Hacker News

I don't know, I've been using Mythos this week quite sceptically and I found it to be incredibly dumb. For instance gave it a dialogue between 3 people and it was constantly mixing up who said what to whom, which looked like early Gemini behaviour. But latest Opus does that too. It would also make nonsensical inference about given papers and only correct itself when pointed out what it said wrong. If that is what US government fears... maybe the fear is that someone follows the dumb things the model suggests.

zmmmmm 19 hours ago [ - ]

it feels like it's mostly just tuned to up it's level of capability on long horizon tasks - stop context rot and keep persisting at all costs until a goal is done.

The base intelligence does not feel much greater to me.

hodgehog11 17 hours ago [ - ]

This is a ridiculous thing to test on it. Other models are trained on that kind of thing, use those instead.

Fable was designed for _really_ hard software engineering problems. Possibly large, but especially hard. For those tasks, you feel the difference immediately.
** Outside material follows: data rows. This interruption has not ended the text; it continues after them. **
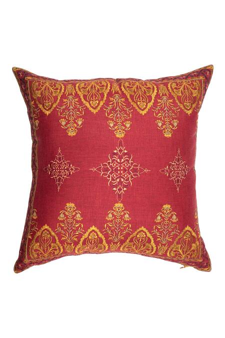 Maroon cotton linen cushion covers with floral, thread and resham embroidery.
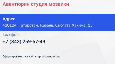 Авантюрин, студия мозаики по адресу 420124, Татарстан, Казань, Сибгата Хакима, 15 в дальнейшем Организация, размещена в следующих категориях:
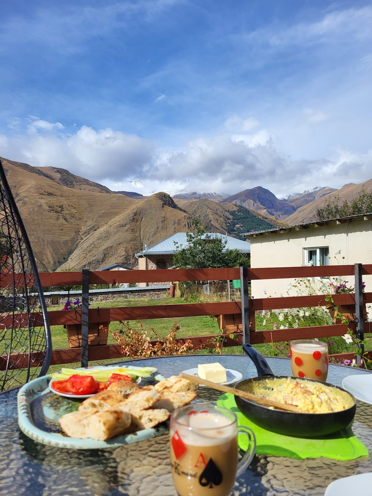 Forget all your worries in our piece of paradise and quietness Dear guest we offer you two separated cottages with a big yard, which is located near center of Stepantsminda. It is quite, comfortable and nice place for your vacation. All the season you can enjoy panoramic views of the wild nature.
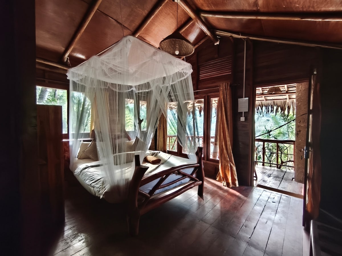 Independent Treehouse for 2 guests Walking distance to waterfall, Ella Rock, Temple & Cave. Around the treehouse, we've also 1 appartment, 2 cabanas, 3 duplex and our own traditional restaurant. ***the treehouse is NOT in the CITY CENTER ***
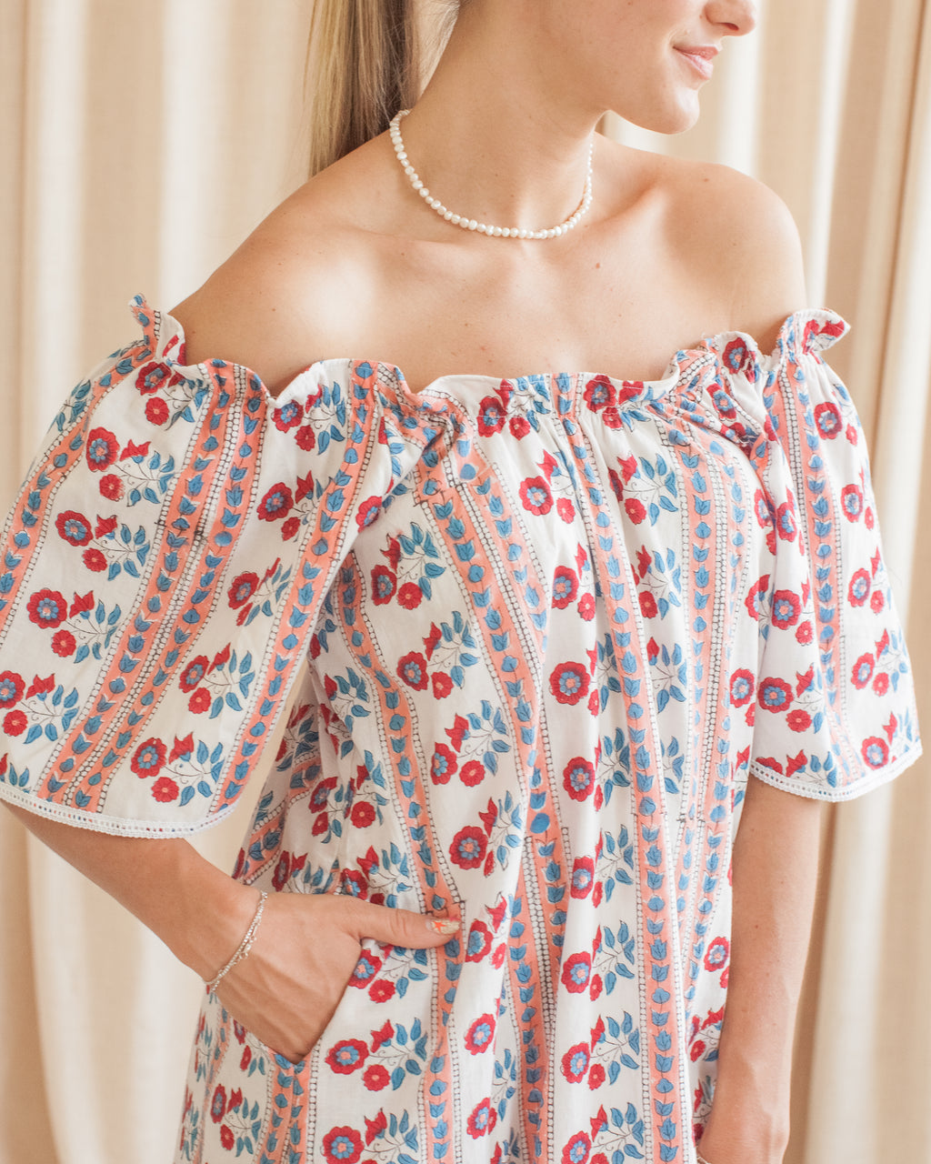 Designed by us, for you. Made by the same female owned workshop that creates our table top collection, each dress is crafted with hand block printed fabrics.

saberience 13 hours ago [ - ]

No it wasn't, Fable is a general purpose model for use in regular chat, analysis, as well as coding.

And yes, the parent poster is accurate, Fable is just as prone to moronic mistakes as Opus was. Stop being so AI-pilled.

Codex is still a better model, and yes, for the hardest engineering problems. I use Claude for UI/GUIs and Codex for all my backend, because I have 20 years of experience of actual hard engineering, and I can see that Codex writes, cleaner code, and is far more steerable.

Bad engineers think Claude is better because it writes more lines of code and is more "proactive", but lines of code doesn't make a better system.

hodgehog11 10 hours ago [ - ]

> Fable is a general purpose model for use in regular chat, analysis, as well as coding

This is a forum filled with experts. Putting marketing aside, in a forum like this, it is most useful to assess models according to the toughest problems in the domain they were specifically refined on. For DeepSeek, that's math. For Claude, that's programming. Gemini and ChatGPT are generalist. Yes, you can use every model for anything you like. But Fable is a bit special, it's very expensive, and very clearly designed for particular types of tasks.

> Fable is just as prone to moronic mistakes as Opus was.

"Just as" is up for debate, but yes, all models are capable of moronic mistakes. That's not helpful information though.

> Codex is still a better model

You're comparing agentic workflows, which relies on a lot more than just the underlying model. It sounds like you're using it like a precision instrument, which is great! It's very different compared to my use cases though, and the ones that Fable seems to excel at. I'm using it for scientific computing, and you really, really want it to one shot a solution. It's either the right algorithm for the task, or the wrong one. So for the hardest problems, it needs to successfully implement a solution in effectively one shot. I use Codex too, but it's often too careless for the delicate tasks. If it gets it wrong, it is really hard to steer it back. You have to start from scratch.

> Bad engineers think Claude is better because it writes more lines of code and is more "proactive".

Think you missed the mark on this one. Not really an engineer, have as much experience as you do in my job. A solution to my problems comprises few lines of code. Fable actually gets it right, first time, every time (so far), but this is with a very long prompt and a bunch of attachments. No other model has done this for me. Not shilling for Anthropic, just impressed. This isn't particularly subjective for me; it is quantitatively measurable.

Don't assume everyone using AI is going to have the same experience you have, or the same types of use cases. And please don't assume that because others have different experiences that it makes them "bad".

Also, Claude has always been mediocre at creative tasks. For your line of work, I would have already recommended Codex hands down.

William_BB 4 hours ago [ - ]

> This is a forum filled with experts

Half of HN commentators probably work on basic CRUD. Armchair experts, maybe.

varispeed 7 hours ago [ - ]

I tested it on that too. A problem I usually give a model to test is to optimise already well optimised function that performs certain calculations. I give it reference to CPU instruction set, how instructions can be paired to take advantage of superscalar execution pipeline etc. In that test also it fell on its face by producing code that was demonstrably slower and with extra bug.

hodgehog11 4 hours ago [ - ]

Interesting, thanks for sharing. That is something I would have expected it to do well on, unless it tripped the internal rerouting. My experience on computational geometry problems has been universally positive (virtually flawless), and falling back to Opus has been a huge and frustrating step back. Opus has been frequently making errors and regressions, Fable never made a single one.